▶ _Exercise brief_
The exact lines from the start of the material below through the line holding "欧美防水台蝴蝶结细跟高跟鞋女2017秋冬新款百搭尖头裸靴女短靴单" are the answer; return those, pictures excluded.
================
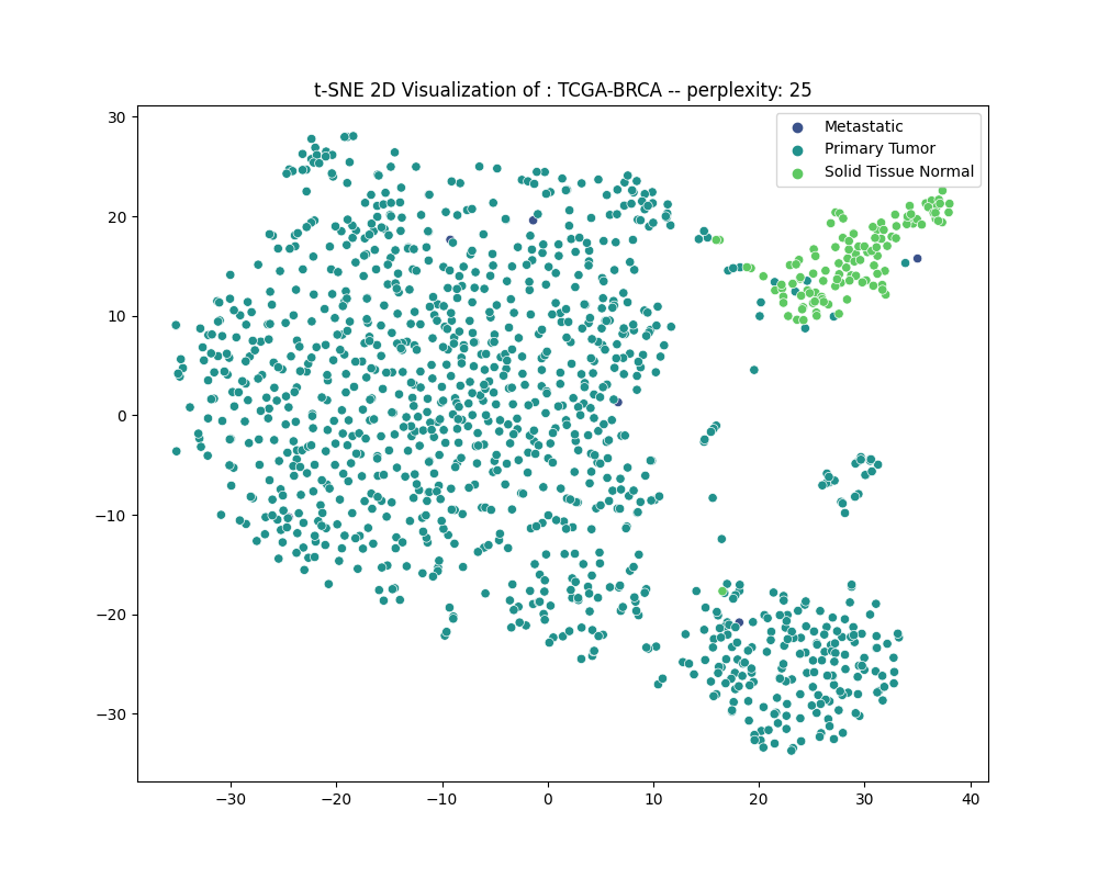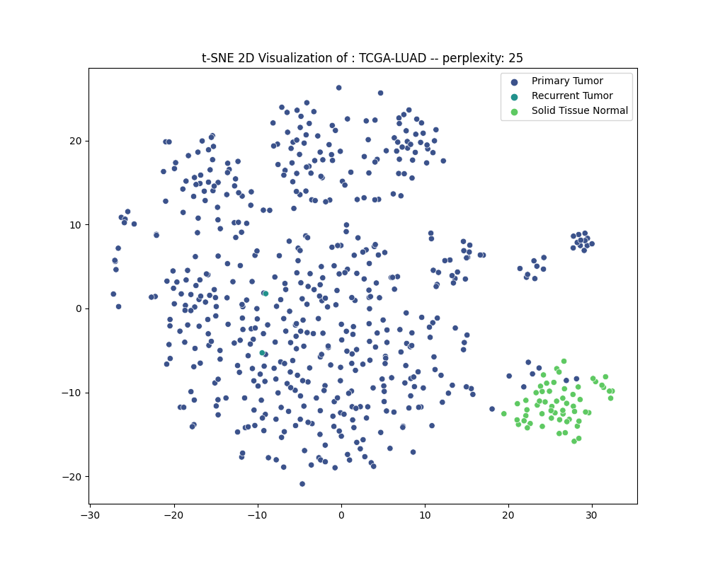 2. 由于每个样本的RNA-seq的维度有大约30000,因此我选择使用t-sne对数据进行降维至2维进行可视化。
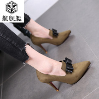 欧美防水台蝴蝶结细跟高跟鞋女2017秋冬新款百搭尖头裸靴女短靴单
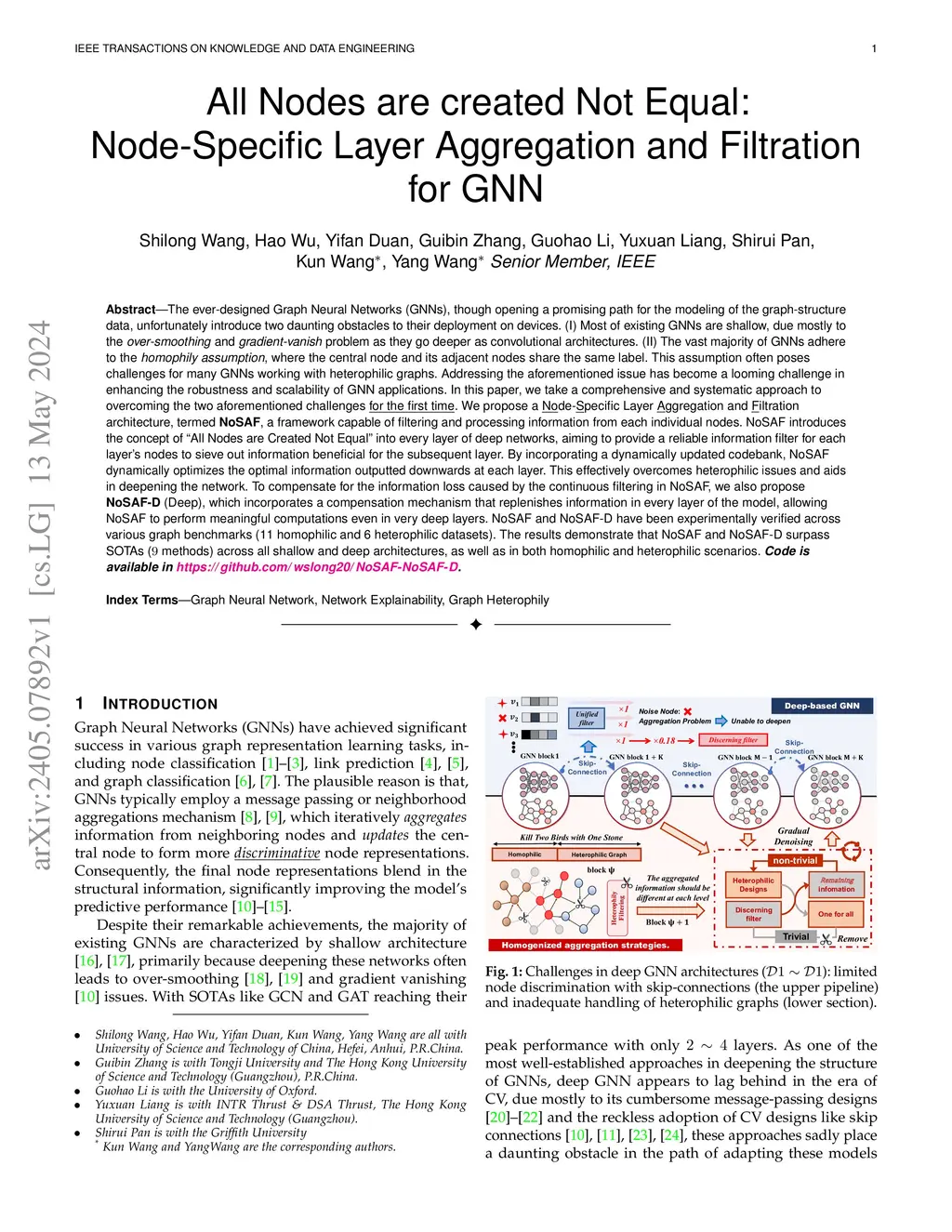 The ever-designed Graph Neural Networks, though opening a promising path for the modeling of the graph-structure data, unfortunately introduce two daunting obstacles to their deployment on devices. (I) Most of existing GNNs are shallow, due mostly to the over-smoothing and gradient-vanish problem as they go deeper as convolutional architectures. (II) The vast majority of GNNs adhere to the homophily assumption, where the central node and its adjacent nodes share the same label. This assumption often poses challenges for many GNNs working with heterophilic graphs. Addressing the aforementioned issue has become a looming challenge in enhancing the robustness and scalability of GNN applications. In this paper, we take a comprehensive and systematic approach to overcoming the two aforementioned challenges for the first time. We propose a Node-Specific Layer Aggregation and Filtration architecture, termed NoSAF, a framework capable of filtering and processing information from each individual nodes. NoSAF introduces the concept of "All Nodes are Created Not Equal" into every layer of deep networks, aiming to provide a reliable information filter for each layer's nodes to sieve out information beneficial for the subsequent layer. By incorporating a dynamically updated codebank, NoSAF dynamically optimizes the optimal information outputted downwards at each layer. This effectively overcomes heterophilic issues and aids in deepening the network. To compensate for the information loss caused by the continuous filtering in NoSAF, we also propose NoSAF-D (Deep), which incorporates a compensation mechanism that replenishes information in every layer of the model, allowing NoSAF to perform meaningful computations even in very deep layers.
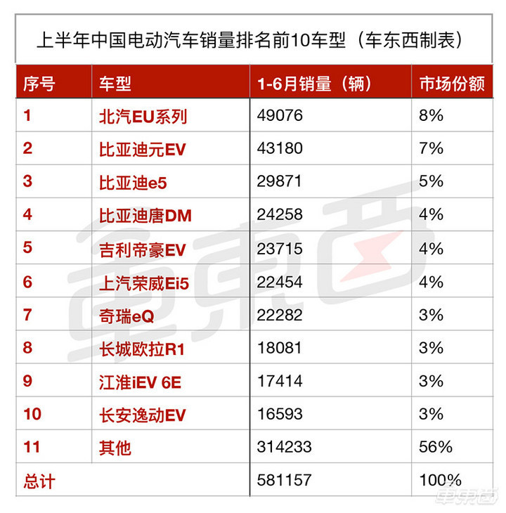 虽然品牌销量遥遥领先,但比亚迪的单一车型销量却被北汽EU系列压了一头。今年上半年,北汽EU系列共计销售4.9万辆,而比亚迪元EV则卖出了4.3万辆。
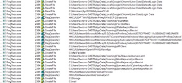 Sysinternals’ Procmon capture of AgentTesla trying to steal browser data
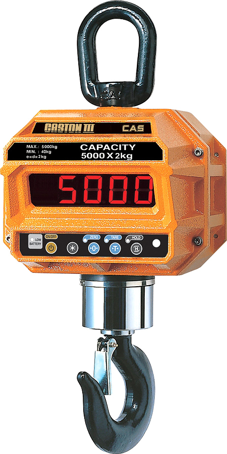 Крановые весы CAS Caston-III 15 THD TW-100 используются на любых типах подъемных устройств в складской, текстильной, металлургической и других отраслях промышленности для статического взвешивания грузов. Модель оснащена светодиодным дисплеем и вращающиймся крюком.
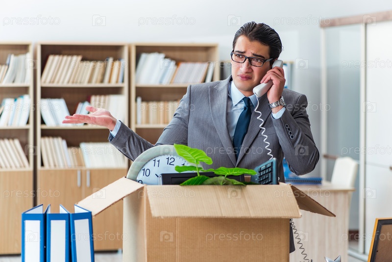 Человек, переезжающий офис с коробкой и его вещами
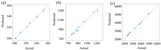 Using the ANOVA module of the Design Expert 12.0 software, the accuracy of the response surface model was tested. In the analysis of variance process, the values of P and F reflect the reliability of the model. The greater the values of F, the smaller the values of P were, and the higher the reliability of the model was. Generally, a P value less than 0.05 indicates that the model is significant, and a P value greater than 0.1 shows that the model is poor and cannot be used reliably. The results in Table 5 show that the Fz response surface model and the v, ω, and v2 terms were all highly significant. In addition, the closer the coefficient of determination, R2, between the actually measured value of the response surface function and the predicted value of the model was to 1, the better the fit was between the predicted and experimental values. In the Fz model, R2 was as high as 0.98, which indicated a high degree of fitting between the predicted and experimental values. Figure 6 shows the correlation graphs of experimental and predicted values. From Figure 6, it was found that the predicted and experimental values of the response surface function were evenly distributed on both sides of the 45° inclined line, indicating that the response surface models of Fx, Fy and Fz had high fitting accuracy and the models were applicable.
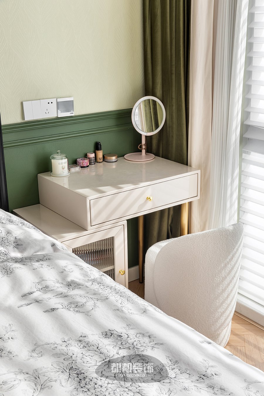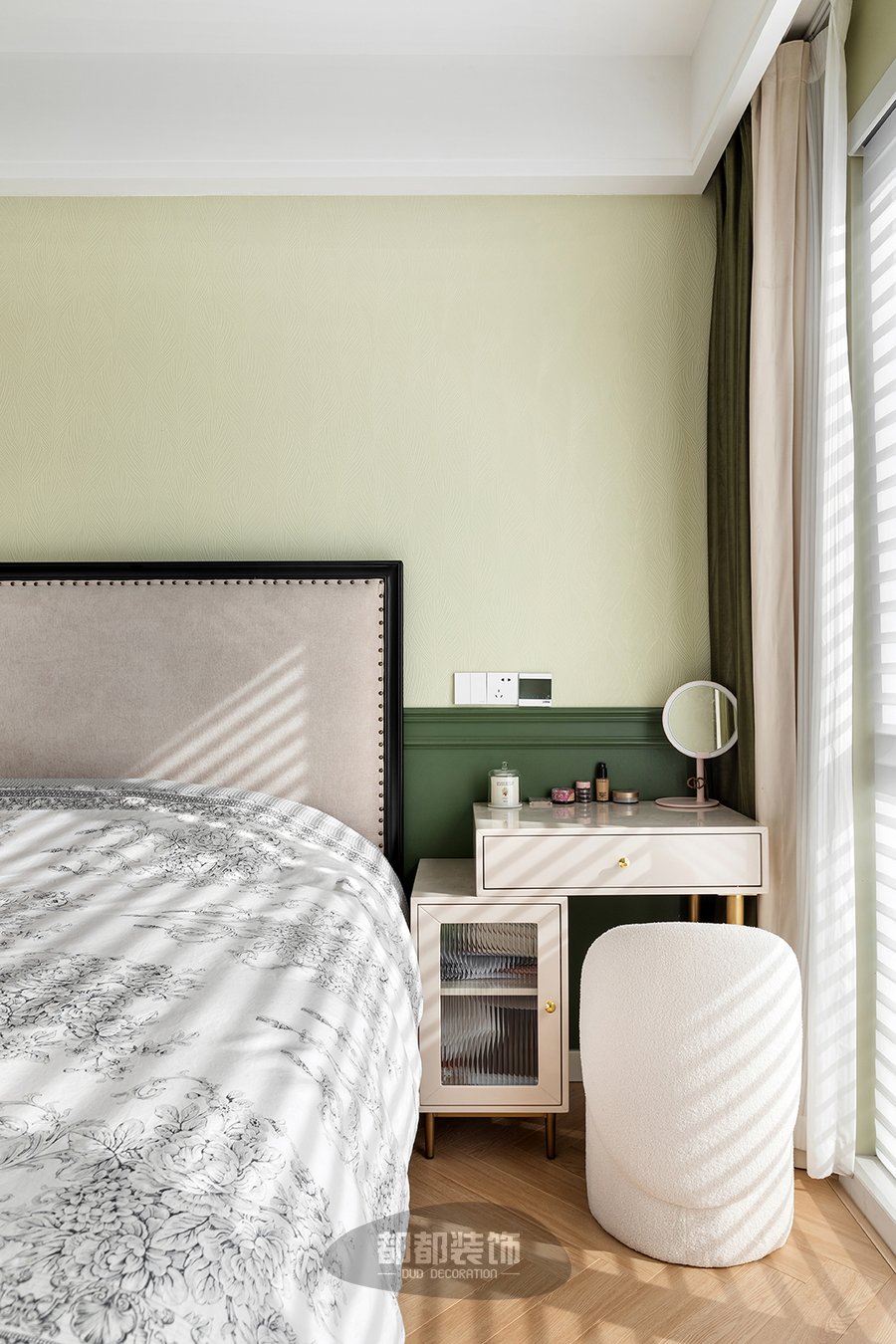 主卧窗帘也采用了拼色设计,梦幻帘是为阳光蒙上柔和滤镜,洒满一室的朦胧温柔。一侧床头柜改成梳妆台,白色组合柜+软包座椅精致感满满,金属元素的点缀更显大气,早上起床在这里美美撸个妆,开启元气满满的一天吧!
================
▶ _Finished exercise_
 2. 由于每个样本的RNA-seq的维度有大约30000,因此我选择使用t-sne对数据进行降维至2维进行可视化。
 欧美防水台蝴蝶结细跟高跟鞋女2017秋冬新款百搭尖头裸靴女短靴单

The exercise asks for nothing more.